Michael Clayton has a slight feel of conspiracy theories like Alan J. Pakula's
The Parallax View
(1974), in its depiction of faceless corruption and a willingness to kill anyone to maintain economic (and political) power. In
Michael Clayton
, it is not a matter of a corporation having to seek out alternative criminal worlds for the assassins. We see Verne and Iker at the golf course, sporting U-North logos on their bags. They are the company. On the film poster, the
X-Files
-style slogan (“The truth can be adjusted”) is more central and in larger font than the title of the movie itself and placed over a slightly blurred image of Michael.

Clooney originally rejected the role, deterred by Gilroy as a first-time director, but the status of the producers here (Soderbergh, Pollack, and Anthony Minghella) is very impressive, reflecting the strength of their belief in Gilroy's script and his ability to realize it on-screen.

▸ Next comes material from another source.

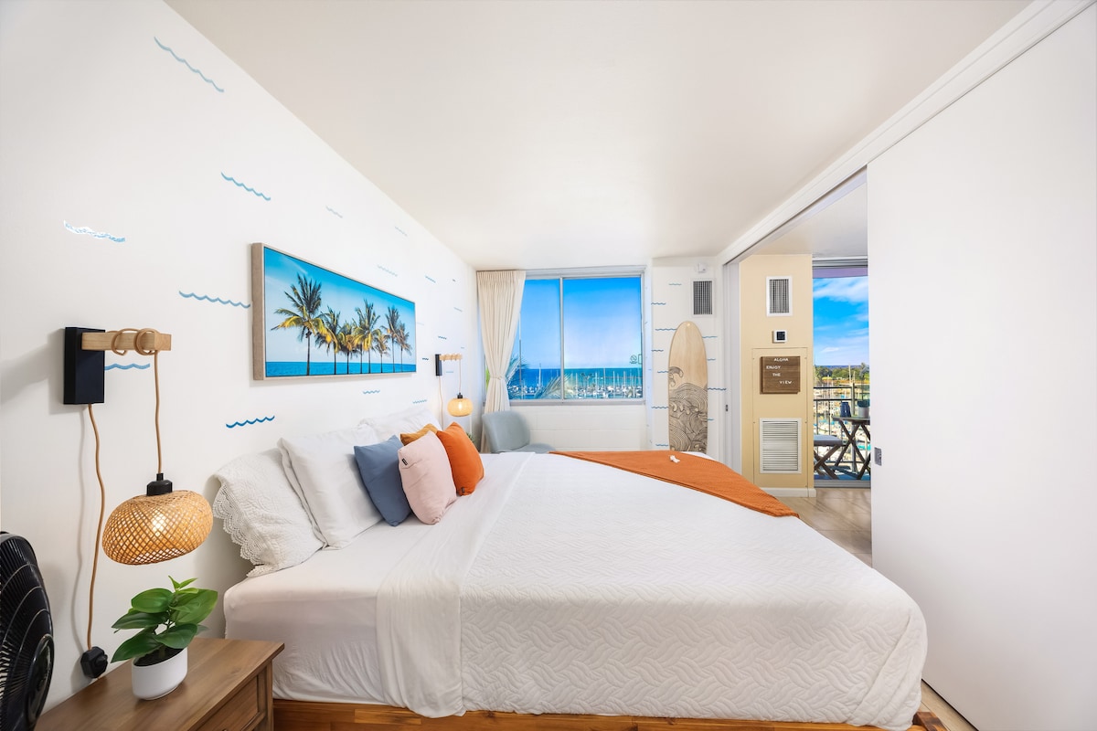 * Aloha! Welcome to our happy place in the heart of Waikiki! * If you are looking for stunning ocean views directly from your bed, this is it! You are within minutes of walking distance to almost everything - beaches, restaurants, bars, surfing lessons, boat tours, grocery stores, shopping malls, and more. Our spacious bedroom, full kitchen, and freshly updated bathroom will make you feel just like home. Welcome to our little paradise!

Legendary scriptwriter William Goldman described Clooney as “giving the performance of his career,” and certainly there is a strongly mournful, elegiac quality to the film, largely implicit in Michael's character and brought out in Clooney's delivery of it.
4
As a fixer, he solves people's problems, taking their guilt away, a role performed by priests in former times. As Arthur says to him about the “burden” such work creates, he is a social purger of sins, a role that takes a toll on his own soul in the carrying of knowledge about the sins of others. The role works only if he keeps this knowledge and does not pass it on, but to keep it exacts a heavy price, etched on his careworn features.

The American
(Anton Corbijn, 2010)

Keeler: It is like entering a different time zone. You're an outsider, isolating yourself. You're condemned … You have become mere sadness and live in a different state of mind.

—
Confessions of a Dangerous Mind

The opening prologue in Sweden sets the stylistic markers found in the body of the film. Our first sight of Jack (George Clooney) shows him sitting forward, unsmiling, drinking whisky, next to a naked girl, Ingrid (Irina Björklund). It may be a theoretically romantic cliché with an isolated situation, a log cabin, and a roaring fire, but Jack's look of melancholy and need for tense shoulders to be massaged suggest he is not at ease. Handheld, shaky point-of-view shots, like the slow tracking shot toward the cabin, suggest the presence of a would-be assassin but there is no attack on them at this point (denying us an action-based opening such as in
The Spy Who Loved Me
, Lewis Gilbert, 1977). Similarly, as Jack subsequently outsmarts the second killer, circling behind him, we have a point-of-view shot from behind the car but this is not immediately followed by Jack's surprise attack. We are denied viewing positions that can be easily identified simply with an antithetical force, creating a sense of unease from the outset. The editing pace is leisurely, almost ponderous (Jack is held in shot, motionless, staring out from the car ferry for 10 seconds), action scenes are shown in long or extreme long shot (there is no cutting to close-ups for dramatic effect), and there is little or no use of a soundtrack to heighten the drama of physical action.